Directions: In the copy, include all of the listing exactly and none of its pictures.
___ Data
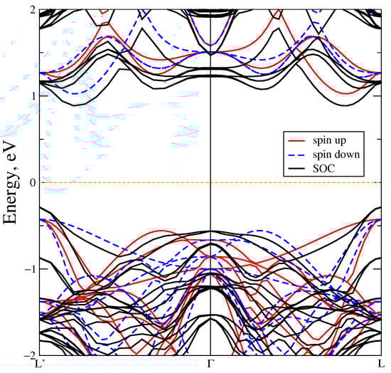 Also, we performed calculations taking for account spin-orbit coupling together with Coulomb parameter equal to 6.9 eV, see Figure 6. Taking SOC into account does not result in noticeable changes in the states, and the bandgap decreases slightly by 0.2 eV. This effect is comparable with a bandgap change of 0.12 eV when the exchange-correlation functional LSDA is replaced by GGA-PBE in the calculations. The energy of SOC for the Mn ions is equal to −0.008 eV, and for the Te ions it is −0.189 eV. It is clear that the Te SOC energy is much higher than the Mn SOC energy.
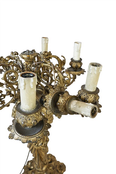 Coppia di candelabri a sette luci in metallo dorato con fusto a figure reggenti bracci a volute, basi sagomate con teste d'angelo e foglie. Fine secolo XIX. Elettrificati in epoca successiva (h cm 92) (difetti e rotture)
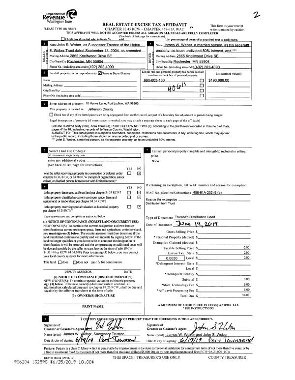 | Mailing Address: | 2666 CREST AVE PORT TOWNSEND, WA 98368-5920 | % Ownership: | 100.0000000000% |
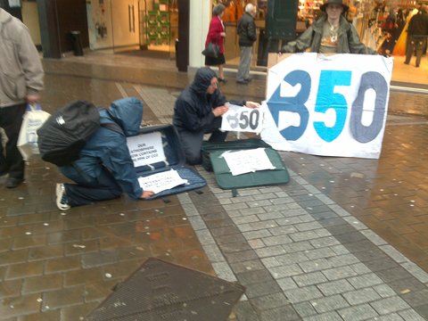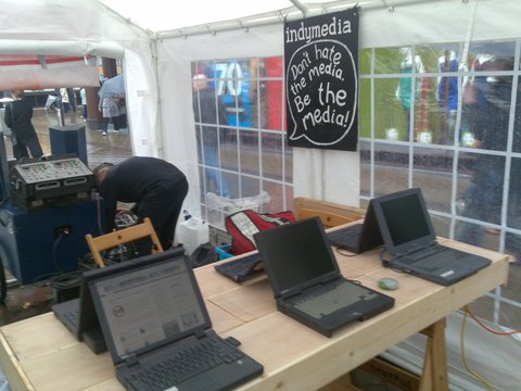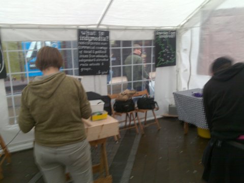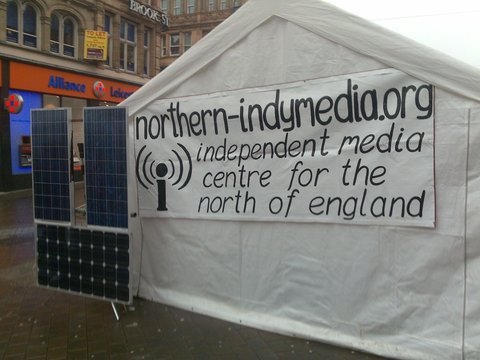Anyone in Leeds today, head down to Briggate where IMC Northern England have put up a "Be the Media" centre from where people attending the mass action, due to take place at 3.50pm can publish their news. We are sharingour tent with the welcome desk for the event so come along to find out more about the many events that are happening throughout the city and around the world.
______
Answer to this exercise:
 Also, we performed calculations taking for account spin-orbit coupling together with Coulomb parameter equal to 6.9 eV, see Figure 6. Taking SOC into account does not result in noticeable changes in the states, and the bandgap decreases slightly by 0.2 eV. This effect is comparable with a bandgap change of 0.12 eV when the exchange-correlation functional LSDA is replaced by GGA-PBE in the calculations. The energy of SOC for the Mn ions is equal to −0.008 eV, and for the Te ions it is −0.189 eV. It is clear that the Te SOC energy is much higher than the Mn SOC energy.
 Coppia di candelabri a sette luci in metallo dorato con fusto a figure reggenti bracci a volute, basi sagomate con teste d'angelo e foglie. Fine secolo XIX. Elettrificati in epoca successiva (h cm 92) (difetti e rotture)
 | Mailing Address: | 2666 CREST AVE PORT TOWNSEND, WA 98368-5920 | % Ownership: | 100.0000000000% |
Anyone in Leeds today, head down to Briggate where IMC Northern England have put up a "Be the Media" centre from where people attending the mass action, due to take place at 3.50pm can publish their news. We are sharingour tent with the welcome desk for the event so come along to find out more about the many events that are happening throughout the city and around the world.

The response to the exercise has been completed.